One of the most pronounced unintended effects of monetary and fiscal policy is response lag. When changing their approach to policy, central banks usually cannot have an instant impact on the economy. Interest rate changes, for example, are subject to a fairly long lag before it takes effect. Even monetary supply controls do not have an immediate impact on the economy due to money velocity.
An issue that arises then is that the policy changes are enacted at one point in time and only start making waves at some later point. Any delay to effects, when changes are implemented, makes the data muddy and the exact influence of monetary policy harder to estimate (although, I might concede that the theoretical concerns may seem more drastic than they are in practice).
All of that is compounded by the fact that, even when the effects have appeared, the data on them needs to be collected, parsed, analyzed, and is only then published. As such, we have two sources of delay – natural pass-through and monetary policy lag and data collection practices.
Monetary policy lag is hard to solve
As it currently stands, it’s nearly impossible to solve monetary policy lag as the effect is largely due to the size of economies. Even in imaginary small economies (e.g., of 3 participants) that somehow have banking, money does not move instantly as it still needs to be traded for goods and delivered to the recipient.
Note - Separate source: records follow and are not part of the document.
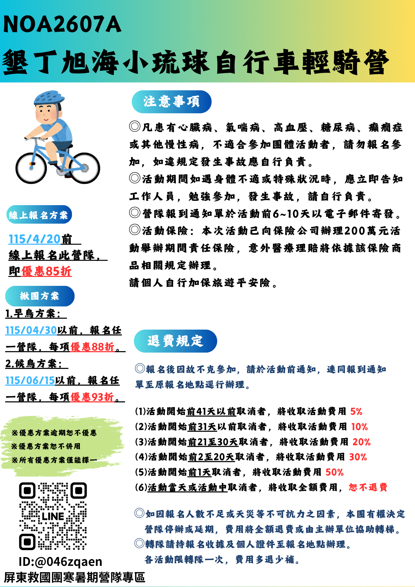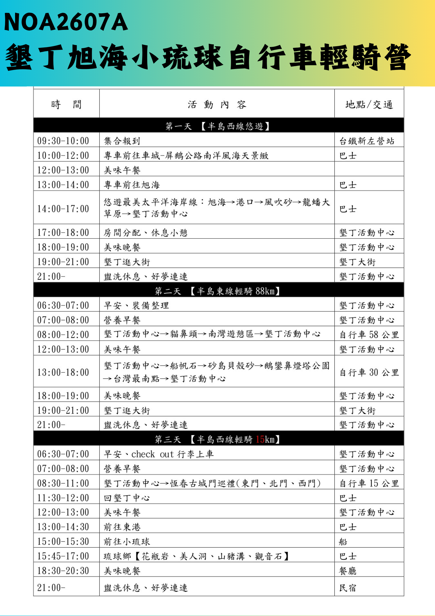 115年屏東縣救國團暑期營:NOA2607A「墾丁旭海小琉球自行車輕騎營」
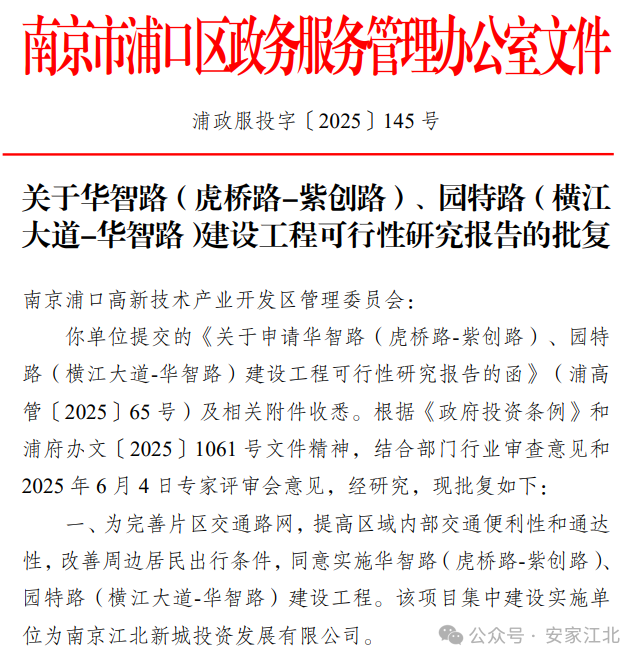 无独有偶,就在12月,关于华智路(虎桥路-紫创路)、园特路(横江 大道-华智路)建设工程可行性研究报告的批复。
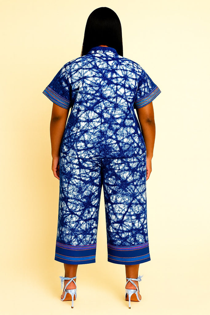 This stylish two-piece set beautifully blends traditional African textile artistry with contemporary fashion. The ensemble features a short-sleeved tie-dye top with a bold indigo and white pattern, highlighted by Aso-Oke fabric accents on the sleeve cuffs and collar, adding a refined cultural touch. The front of the top includes two striped Aso-Oke chest pockets, enhancing both functionality and design.
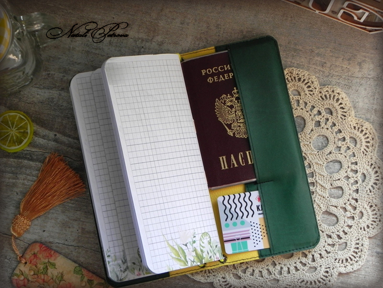 Обложка из переплетного кожзама. На переднем форзаце большой карман, на заднем - два кармана. Один из них большой, другой разделен на два отдела. (под паспорт и под визитку), Внутри помещаются две сменные тетрадки.
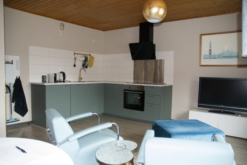 Het appartement heeft een volledig ingerichte keuken, eethoek en zithoek.
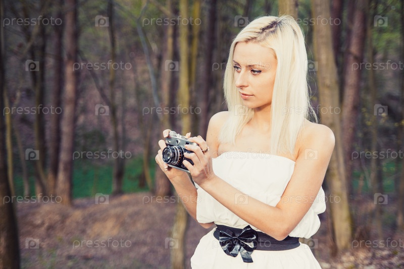 Красивая девушка с ретро фото-камерой

When economies expand and institutions appear, delays continue increasing. Such is the case with monetary policy, especially when instruments like interest rate changes are implemented. These may immediately impact borrowers, but it takes a significantly longer time to get passed down to the economy at large.
If we add the various institution regulation and communication requirements, KYC processes, and numerous other highly important safeguards, the effects continue to compound. As such, monetary policy lag is somewhat of a necessity borne out of the way we conduct the economy.
There is some speculation that a central bank digital currency (also known as CBDC) could improve general money velocity, which would, in turn, potentially reduce monetary policy lag. Yet, these benefits are still regarded with an air of caution even on money velocity, so it’s unknown whether CBDC would affect monetary policy lag.
Any effect would also depend on the implementation. Most CBDC proposals still rely on institutions that would stand between the end user and the central bank, which means that the delay caused by middlemen would not be solved.
As such, even in the best cases, wherein CBDC is implemented as a direct central bank currency that end users get to use without middlemen, monetary policy would still have delayed effects on the economy. It’s quite a bit different, however, with data collection.
Data lag is easy to solve
Data collection is usually performed by manually collecting data from various sources and then aggregating it in statistical databases. Many of the important measures, such as inflation and employment rates, can potentially be collected through alternative data instead of using traditional methods.
Web scraping is the primary tool that can be employed to generate alternative data for the effects of monetary policy. For example, to measure the effect interest rate changes had on inflation, a central bank could scrape ecommerce and retail data from the publicly available internet to measure how much prices have changed.
I should note, however, that would be a somewhat imperfect metric as inflation should showcase a general fall in purchasing power, which might not be reflected in ecommerce products as the range is limited and there are scarcely any services available.
Yet, such an approach was rather successfully performed in academia. The Billion Prices Project has produced numerous research papers and alternative measures of CPI, especially in countries where access to objective information might have been restricted. All of it was performed by employing large scale scraping and collecting pricing data from online retailers.
Employment rates, while harder to measure, can be assessed through the appearance, disappearance, and publicly stated hiring of staff. As most of the hiring nowadays happens through online services and websites, all of the information is readily available for governments. Collecting historical data on that can give insight into how much employment rates are changing.
At the very least, the velocity of employment can be measured, which can serve as a proxy signal for general rates. All of such data, however, is highly sensitive and should only be undertaken with legal counsel, even if the actor, in this case, would be a central bank.
So, web scraping can make macroeconomic measures more readily available for both central banks and researchers. It also makes the acquisition nearly instantaneous, as web scraping can extract data from nearly any source in real time.
As such, automated publicly available data collection has the potential to completely remove the issues associated with data lag. In other words, it may solve one part of the equation when estimating the effect of monetary policy.
Conclusion
While web scraping has still not seen widespread adoption in the public and academic sectors, its potential to solve or minimize existing problems is immense. It may be one of the most revolutionary practices that can help advance large scale statistical analysis and provide more immediate and actionable insights than any other data collection methods that exist right now.
Additionally, collection processes are no longer expensive as web scraping has evolved significantly over the past few years. In fact, companies have even started providing tools for free for non-commercial use cases through projects such as 4beta, created by Oxylabs.